Смерть — лучшая пропаганда. И в Москве это знают. Пока мы всей страной силимся дать хоть какую-то «чесну відповідь брехні із Кремля», здесь просто складируют трупы. А больше ничего и не требуется. Стоит кому-то в оккупированном Донецке, Макеевке или Торезе уснуть все еще безразличным ко всем и всему, а проснуться на улице, с осколками «Града» на кухонном столе, — и в мире адептов «русской весны» опять прибавление. Особенно, если речь идет о смерти близкого вам человека. Нет никаких шансов убедить кого-то, потерявшего за ночь дочь или мать, что это дело рук «ДНР».
Да и что перевесит этот бронежилет? Выпуск «ТСН» на «плюсах» [прим. программа новостей на украинском канале 1+1], где улыбчивая девочка с дорогим макияжем скромно и сдержанно скажет о том, что «боевики в очередной раз обстреляли жилые кварталы Макеевки»? Вряд ли. Ее здесь никто не услышит. Будем реалистами: этот опыт — опыт ночей на полу — будет подхвачен и отточен Россией, ее лучшими пропагандистами, которые даже не позволят вам усомниться, что направление обстрела — это глубокий тыл «ДНР». Если будет надо, вас убедят, что снаряды упали из Космоса, но ни за что не позволят забыть эту ночь и чью-то смерть. И это совсем не ирония, я знаю, о чем говорю. Человек, спавший в ту ночь в бронежилете, до сих пор перечисляет деньги «ВС ДНР» — тем самым «ВС», которые едва не отправили его на тот свет. И это лишь ночь — без смерти отца или сына и со счастливым билетом в виде целого дома, тогда как в ста метрах лежала груда камней.
Случалось ли нечто похожее со стороны ВСУ? Да, такое бывало. Год назад я говорил по телефону с человеком, который прошел Зеленополье: тогда наших ребят «Градами» просто смешали с землей [прим. имеется в виду ракетная атака в Луганской области, осуществленная российскими войсками]. Этот человек все еще приходил в себя после увиденного и спросил, все ли верят в Донецке, что их обстреливают ВСУ. Я ответил, что таких большинство, и иногда они бывают правы, — но ведь наши бойцы не стреляют без точек и целей.
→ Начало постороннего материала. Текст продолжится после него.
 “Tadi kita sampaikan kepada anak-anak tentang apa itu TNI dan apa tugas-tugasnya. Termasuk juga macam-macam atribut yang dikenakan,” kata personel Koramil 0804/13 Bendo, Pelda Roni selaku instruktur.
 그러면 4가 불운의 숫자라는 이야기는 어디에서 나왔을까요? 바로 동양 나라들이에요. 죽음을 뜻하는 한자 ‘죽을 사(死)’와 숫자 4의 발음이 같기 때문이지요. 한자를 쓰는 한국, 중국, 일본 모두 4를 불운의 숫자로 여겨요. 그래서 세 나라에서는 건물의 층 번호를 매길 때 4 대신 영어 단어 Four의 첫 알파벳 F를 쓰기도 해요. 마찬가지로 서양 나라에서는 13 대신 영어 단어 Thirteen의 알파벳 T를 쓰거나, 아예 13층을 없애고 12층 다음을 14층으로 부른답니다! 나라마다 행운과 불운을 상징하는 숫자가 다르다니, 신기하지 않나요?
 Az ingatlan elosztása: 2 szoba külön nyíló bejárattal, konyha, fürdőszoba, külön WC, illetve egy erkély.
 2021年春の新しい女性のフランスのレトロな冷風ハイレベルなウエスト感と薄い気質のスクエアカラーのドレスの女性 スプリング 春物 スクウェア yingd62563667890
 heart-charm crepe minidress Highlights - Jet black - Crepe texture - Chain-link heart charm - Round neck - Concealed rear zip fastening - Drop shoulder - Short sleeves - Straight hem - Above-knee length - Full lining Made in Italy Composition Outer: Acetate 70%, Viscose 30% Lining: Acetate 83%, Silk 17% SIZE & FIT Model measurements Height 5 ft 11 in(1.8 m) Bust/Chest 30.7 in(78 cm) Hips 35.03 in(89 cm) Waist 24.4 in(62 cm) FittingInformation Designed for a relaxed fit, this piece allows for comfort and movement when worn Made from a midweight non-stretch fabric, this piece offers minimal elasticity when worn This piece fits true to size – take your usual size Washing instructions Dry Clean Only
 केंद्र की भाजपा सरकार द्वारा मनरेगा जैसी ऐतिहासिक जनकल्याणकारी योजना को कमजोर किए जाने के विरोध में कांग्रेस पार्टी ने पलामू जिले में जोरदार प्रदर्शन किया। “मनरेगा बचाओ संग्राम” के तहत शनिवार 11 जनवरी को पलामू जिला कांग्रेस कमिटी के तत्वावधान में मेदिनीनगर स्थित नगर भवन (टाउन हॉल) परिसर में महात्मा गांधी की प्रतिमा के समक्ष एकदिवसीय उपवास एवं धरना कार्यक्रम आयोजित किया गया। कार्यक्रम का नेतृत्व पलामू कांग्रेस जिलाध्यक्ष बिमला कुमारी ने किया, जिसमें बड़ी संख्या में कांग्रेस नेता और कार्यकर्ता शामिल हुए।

Я был поражен, когда услышал в ответ: «Да ты знаешь, Стас, бывает и так». Поражен честностью и откровенностью офицера, а не тем, что такое случается. Он сказал, что после пережитого психика у многих сдает — и часто не ждут координат из Генштаба.
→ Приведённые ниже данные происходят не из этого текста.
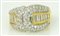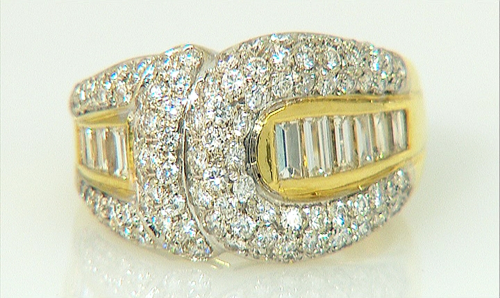 ANELLO. In oro giallo e bianco 18 kt montatura asimmetrica con decori in diamanti taglio baguette incastonati a binario e brillante su griffes per tot. cts. 2,00 ca.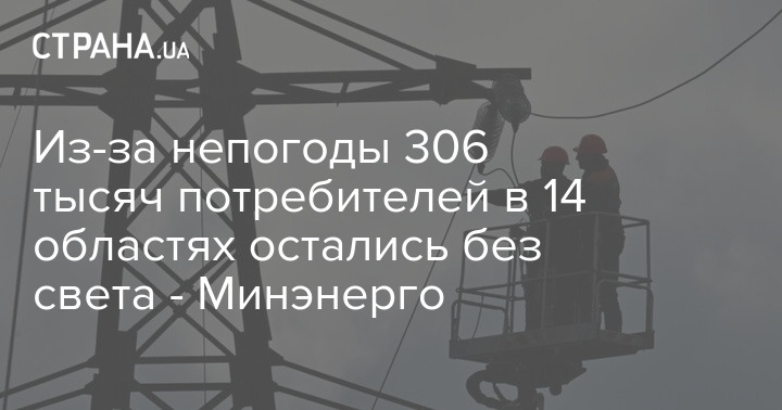 "Из-за неблагоприятных погодных условий обесточивались 1045 населенных пунктов в 14 областях - Винницкой, Волынской, Днепропетровской, Житомирской, Закарпатской, Ивано-Франковской, Киевской, Львовской, Ровенской, Сумской, Тернопольской, Хмельницкой, Черновицкой и Черниговской. Всего без света оставались 306 тысяч потребителей", - говорится в сообщении.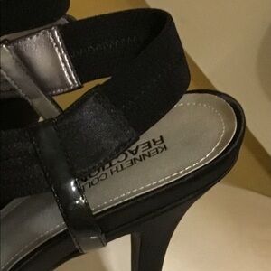 Open toe, black covered 4” heel with ankle strap, black minimalist design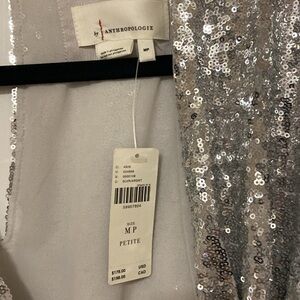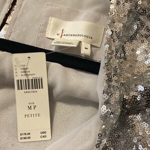 New with tags, anthropology, sequin dress, lined, petite medium, Electic waist with tie.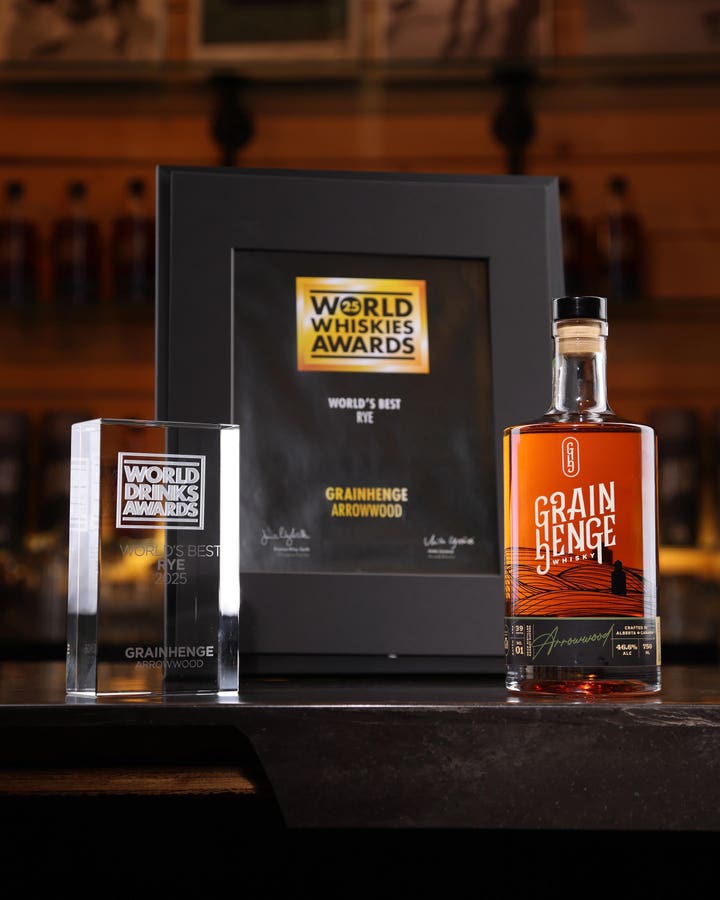 حصل GrainHenge Arrowwood على جائزة أفضل أنواع الجاودار في حفل توزيع جوائز الويسكي العالمية لعام 2025. تُسمي جوائز الويسكي العالمية أفضل أنواع الجاودار من كل دولة، ثم يتم الحكم على الفائزين في كل دولة ضد بعضهم البعض. أفضل هؤلاء حصل على لقب أفضل الجاودار في العالم. كان GrainHenge هو أفضل الجاودار الكندي، واستمر في التغلب على ويسكي الجاودار من الولايات المتحدة وأيرلندا وأستراليا والدنمارك وهولندا وإنجلترا وفرنسا وألمانيا واسكتلندا وإسبانيا والسويد ليحصل على اللقب الأول.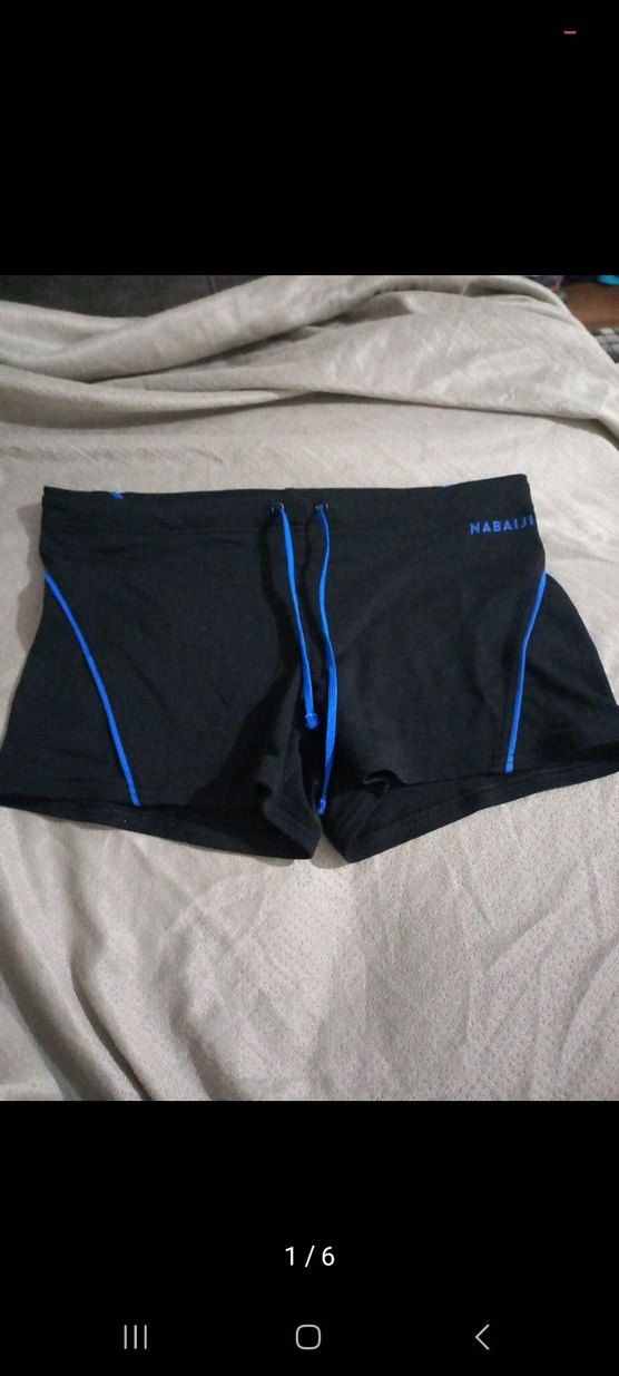 İnce askılı, mavi bağcık detaylı koyu lacivert erkek çocuk yüzme şortu, Nabaiji marka logo ile sade tasarım.8.10 yaşa uygun

На каких весах можно взвесить эту войну? «Республиканца» [прим. пророссийского сепаратиста], который разворачивает гаубицу в сторону «родного города», одним залпом сжигая чей-то дом и одновременно обеспечивая «пожертвование» от того, кто лежит рядом в бронежилете? Или бойца ВСУ, на чьих глазах только что разорвало на части его побратима? Когда отдираешь своего лучшего друга от расплавленного БТРа, никто не может сказать, что можно считать аморальным после такого. Выстрел по Донецку из гаубицы без координат? Возможно. Но нас не было там, не было рядом с этими трупами и запахом, который, говорят, не выветривается даже через годы войны. Но так скажут и те, рядом с кем через минуту в Донецке упадет этот снаряд…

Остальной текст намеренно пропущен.